Before long, the Jet2 ad wasn't merely a Twitter string or a TikTok phenomenon; it was a living, breathing reality. At a Jess Glynne gig in early July, part of the audience started chanting, "Nothing beats a Jet2 holiday!", half seriously, half in good cheer. The videos of the crowd went viral. Even Jess herself couldn't help laughing, jokingly recognising the ad's hold on the national consciousness. The voiceover for the advert, Zoe Lister, turned overnight celebrity after she started joining in with the online banter, reposting her most loved memes and confessing to The Times, "It's gone utterly mad. Honestly, the videos get better and better each day. It's as though the worse the festive holiday, the better the joke!
Why Did This Meme Go Viral?
Meme culture tends to flourish by breaking expectations. Here, the genuine optimism of the Jet2 voiceover is starkly contrasted with the hard and gritty reality of British vacations. The meme plays on that disparity, turning the familiar into the unfamiliar and therefore humorous once more. One aspect of its popularity is the ubiquity of disappointment. Everyone who's ever taken a holiday is aware that things never work out precisely as planned. The British are masterful at humour in disaster, and the Jet2 meme is only the latest. Timing was everything. By summer 2024, British TikTok had already soaked up nostalgia for pre-2010 pop, Jess Glynne's voice an instant throwback. The ad's ubiquity and the fact that it has been airing, essentially unchanged, for ten years made its sincerity ripe for mocking and strangely reassuring. Few things resonate with UK Millennials and Gen Z so well as poor weather, expensive drinks, and the mutual frustration of failing to get any mobile signal at a crowded airport. The top meme employs exactly these: the grimmiest Benidorm pint, empty hotel bar, or slog up a rain-lashed Welsh hillside, but always punctuated by the triumphant "Nothing beats a Jet2 holiday!"
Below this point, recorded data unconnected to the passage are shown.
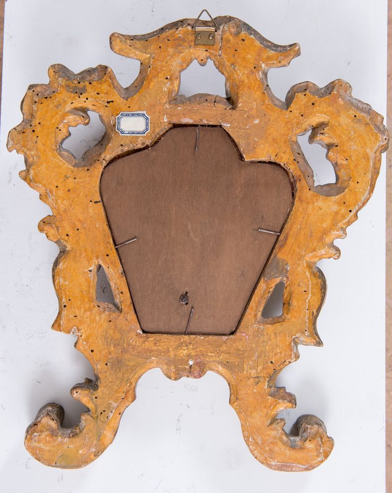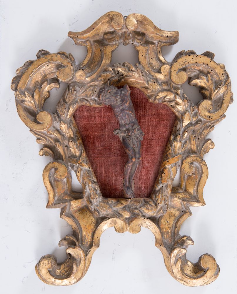 Coppia di cantaglorie in legno intagliato dorato. Una reca frammento di crocifisso. Emilia, metà del XVIII secolo. Cm 34x26,5. (lievi difetti)
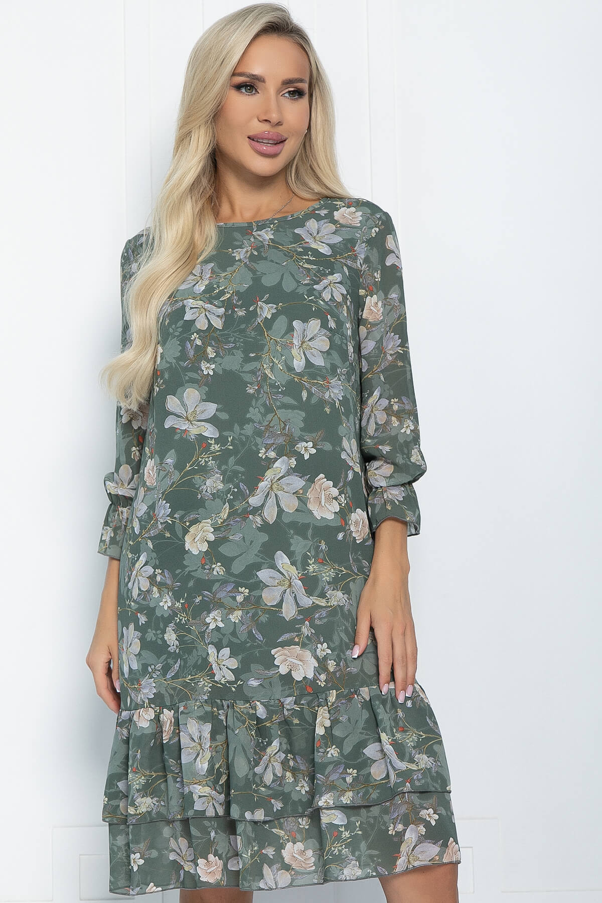 Платье прямого кроя из шифона - изящное и практичное решение для любого случая. Оно отлично подходит для официальных мероприятий, вечерних прогулок или романтических свиданий. Низ платья украшен двойным воланом, который придает изысканность образу. Горловина платья округлая, с окантовкой. Рукава втачные 3/4, на резинке. Завязывается на завязках на спинке.
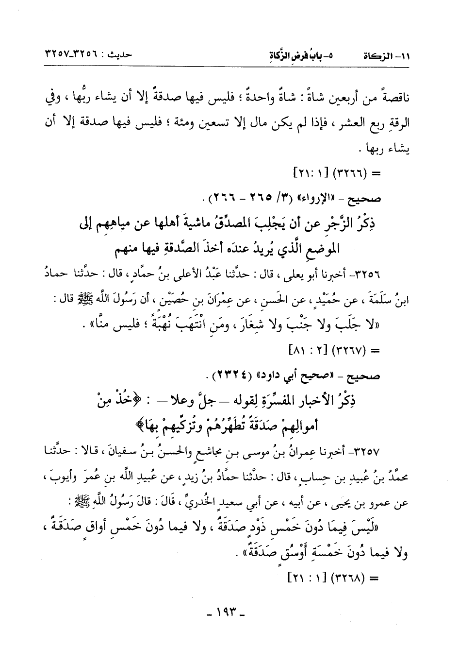 قَالَ أَبُو حَاتِمٍ ـ رَضِيَ اللَّهُ عَنْهُ ـ: هَذَا الْخَبَرُ يُبَيِّنُ بِأَنَّ الْمُرَادَ مِنْ قَوْلِهِ: {خُذْ من أموالهم صدقة تطهرهم} [براءة: 103] أَرَادَ بِهِ بَعْضَ الْمَالِ إِذِ اسْمُ الْمَالِ واقع على ما دون الخمسة مِنَ الذَّوْدِ وَالْخَمْسِ مِنَ الْأَوَاقِ وَالْخَمْسِ مِنَ الْأَوْسُقِ وَقَدْ نَفَى صَلَّى اللَّهُ عَلَيْهِ وَسَلَّمَ إيجاب الصدقة عن مادون الذي حدَّ.
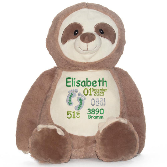 Stofftier mit Name Bestickt Kuscheltier Faultier personalisiert Geburtsdaten
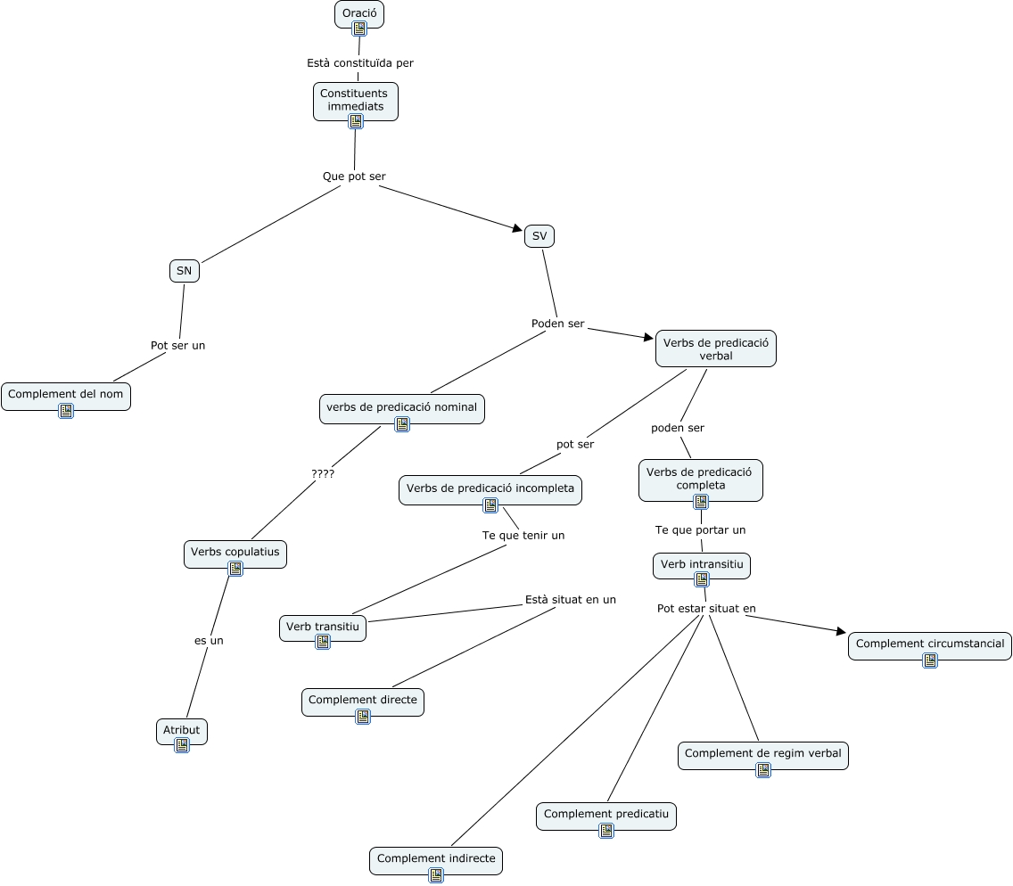 Aquest mapa conceptual conté informació relacionada amb: SINTAXI, Verbs de predicació completa Te que portar un Verb intransitiu, Constituents immediats Que pot ser SN, Verbs copulatius es un Atribut, Verb transitiu Està situat en un Complement directe, SV Poden ser Verbs de predicació verbal, Verbs de predicació verbal pot ser Verbs de predicació incompleta, Verbs de predicació incompleta Te que tenir un Verb transitiu, verbs de predicació nominal ???? Verbs copulatius, Verb intransitiu Pot estar situat en Complement indirecte, SV Poden ser verbs de predicació nominal, Oració Està constituïda per Constituents immediats, Verb intransitiu Pot estar situat en Complement predicatiu, Verbs de predicació verbal poden ser Verbs de predicació completa, Verb intransitiu Pot estar situat en Complement de regim verbal, Constituents immediats Que pot ser SV, SN Pot ser un Complement del nom, Verb intransitiu Pot estar situat en Complement circumstancial

But beyond the memes of viral marketing. For many, it has become a window into the British condition: the British holidaymaker's resilience, the friendships formed on postponed trains and baking airport tarmacs, and a reminder that no high-gloss ad ever quite captures the real thing. Even when you're queuing for the coffee machine at work, the holiday lives on." For the time being, at least, the Jet2 meme doesn't appear to be going away. As summer continues, Instagram and TikTok are still filled with new versions. The term has come to be used for hen dos, stag weekends, and even GCSE results. One thing is certain, though: as long as holidays are unpredictable and as long as advertisements are sincere, the disconnect between hope and reality will be there for the net to fill with memes. And, no doubt, to the dulcet tones of Zoe Lister and the unmistakable chorus of Jess Glynne. So the next time your luggage explodes off the airport carousel, your balcony at your hotel overlooks a brick building, or the sky rains buckets on your sole beach day, just grin, spin the lens, and recall: "Nothing beats a Jet2 holiday." Because if you can't have the ideal vacation, you can at least be included in the ideal joke.